[Records from a data collection]
········
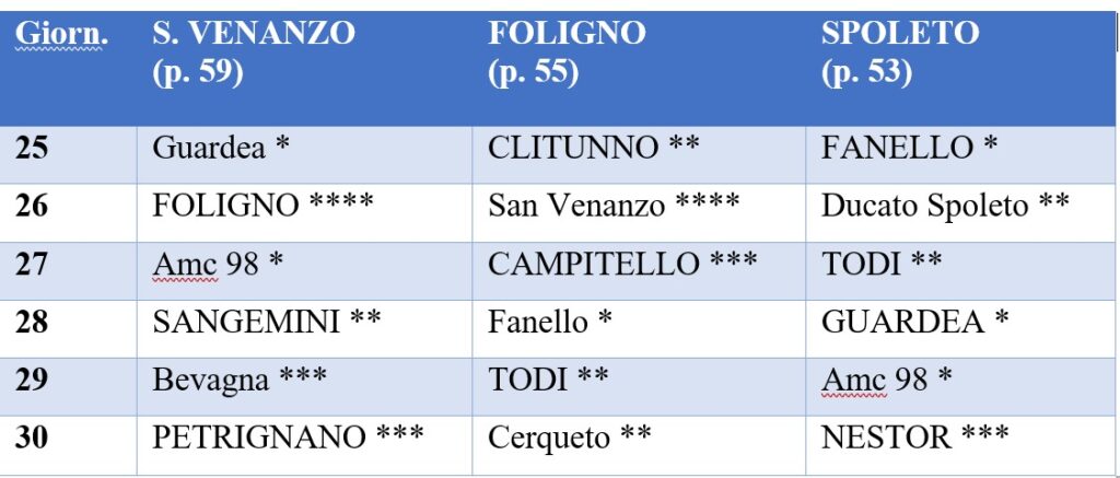 La corsa alla vetta -Teoricamente il calendario più facile lo ha la terza forza del campionato;lo Spoleto. Gli uomini di Cavalli devono provare, male che vada, almeno a riprendersi la seconda piazza per giocare in casa la finale play off con due risultati su tre. Le ultime sei avversarie dei biancorossi sono tutte squadre in lotta per la salvezza e questo non renderà le cose tanto agevoli (in particolare il derby con la Ducato). L’imperativo è rimanere attaccati al treno ed aspettare cosa accadrà nello scontro diretto tra San Venanzo e Foligno. Le due battistrada hanno un calendario tutto sommato simile, ma gli uomini di Montecucco, a stretto giro , giocheranno anche contro Guardea e Amc, mentre il Foligno avrà anche da “sbattere” contro Clitunno e Campitello. Quindi, la sensazione è che le tre prossime giornate daranno un’idea precisa di quello che sarà l’epilogo del campionato. Il resto delle squadre, dal Campitello (41) al Torgiano (35), di fatto rischia di non avere più nulla da chiedere al campionato: solo i ternani e il Bevagna possono provare a ridurre la forbice dal terzo posto per andare a giocarsi la semifinale play off. Vi riusciranno?
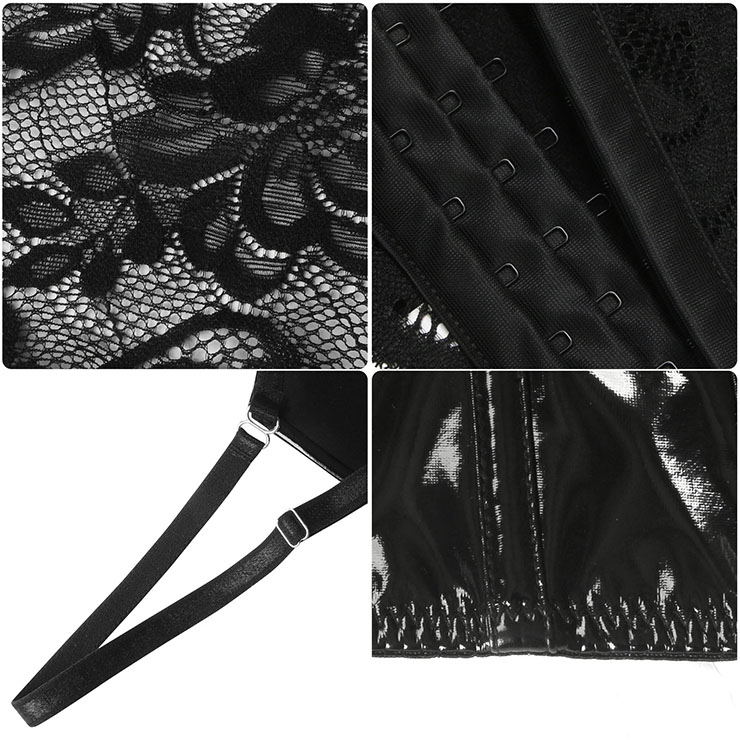This Bustier is Made of Soft PU Leather which can Give you a Beautiful Silhouette. The Cup is Padded and has An Underwire so it Gives Complete Support for you. It is Designed to Define A Waistline and Accentuate A Bust Line. Come with 3 Rows of Hook and Eye Closures so that it can be Fit to your Size. Adjustable and Removable Shoulder Straps are Better to fit you needs.
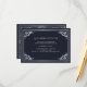 Coloque a palco para um evento elegante com este cartão de alojamento de casamento. Este design de inspiração tarot apresenta um quadro Art Nouveau em prata contra um fundo azul marinho — perfeito para um cheio de história de amor de magia. Observe que a prata nestas placas NÃO é uma folha real e é impressa em cores planas.
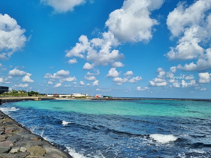 신흥리에서 함덕 초입까지 약 30분 정도 걸으니 눈앞에 펼쳐진 풍경은 부산의 한 미포 철길이 있는 풍경이 떠 올랐다. 열차만 지나지 않을 뿐이지 분위기는 비슷했다. 아니 더 아름다운 모습이었는지도 모른다. 상쾌한 공기, 에매랄드 빛 바다 그리고 가을하늘이 더 황홀하게 뿜어냈으니까......
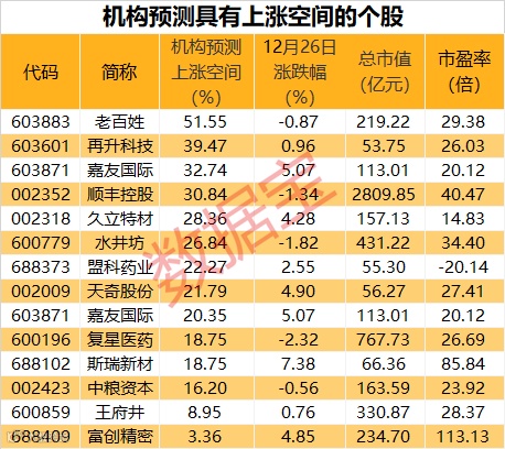 获机构买入型评级个股中,共有14条评级记录中对相关个股给出了未来目标价。以公布的预测目标价与最新收盘价进行对比显示,共有8股上涨空间超20%,老百姓上涨空间最高,12月26日海通证券预计公司目标价为56.8元,上涨空间达51.55%,上涨空间较高的个股还有再升科技、嘉友国际等,上涨空间分别为39.47%、32.74%。
········
Exercise requirements
Could you write out the records again exactly, omitting each image?

Problem solution
 La corsa alla vetta -Teoricamente il calendario più facile lo ha la terza forza del campionato;lo Spoleto. Gli uomini di Cavalli devono provare, male che vada, almeno a riprendersi la seconda piazza per giocare in casa la finale play off con due risultati su tre. Le ultime sei avversarie dei biancorossi sono tutte squadre in lotta per la salvezza e questo non renderà le cose tanto agevoli (in particolare il derby con la Ducato). L’imperativo è rimanere attaccati al treno ed aspettare cosa accadrà nello scontro diretto tra San Venanzo e Foligno. Le due battistrada hanno un calendario tutto sommato simile, ma gli uomini di Montecucco, a stretto giro , giocheranno anche contro Guardea e Amc, mentre il Foligno avrà anche da “sbattere” contro Clitunno e Campitello. Quindi, la sensazione è che le tre prossime giornate daranno un’idea precisa di quello che sarà l’epilogo del campionato. Il resto delle squadre, dal Campitello (41) al Torgiano (35), di fatto rischia di non avere più nulla da chiedere al campionato: solo i ternani e il Bevagna possono provare a ridurre la forbice dal terzo posto per andare a giocarsi la semifinale play off. Vi riusciranno?
This Bustier is Made of Soft PU Leather which can Give you a Beautiful Silhouette. The Cup is Padded and has An Underwire so it Gives Complete Support for you. It is Designed to Define A Waistline and Accentuate A Bust Line. Come with 3 Rows of Hook and Eye Closures so that it can be Fit to your Size. Adjustable and Removable Shoulder Straps are Better to fit you needs.
 Coloque a palco para um evento elegante com este cartão de alojamento de casamento. Este design de inspiração tarot apresenta um quadro Art Nouveau em prata contra um fundo azul marinho — perfeito para um cheio de história de amor de magia. Observe que a prata nestas placas NÃO é uma folha real e é impressa em cores planas.
 신흥리에서 함덕 초입까지 약 30분 정도 걸으니 눈앞에 펼쳐진 풍경은 부산의 한 미포 철길이 있는 풍경이 떠 올랐다. 열차만 지나지 않을 뿐이지 분위기는 비슷했다. 아니 더 아름다운 모습이었는지도 모른다. 상쾌한 공기, 에매랄드 빛 바다 그리고 가을하늘이 더 황홀하게 뿜어냈으니까......
 获机构买入型评级个股中,共有14条评级记录中对相关个股给出了未来目标价。以公布的预测目标价与最新收盘价进行对比显示,共有8股上涨空间超20%,老百姓上涨空间最高,12月26日海通证券预计公司目标价为56.8元,上涨空间达51.55%,上涨空间较高的个股还有再升科技、嘉友国际等,上涨空间分别为39.47%、32.74%。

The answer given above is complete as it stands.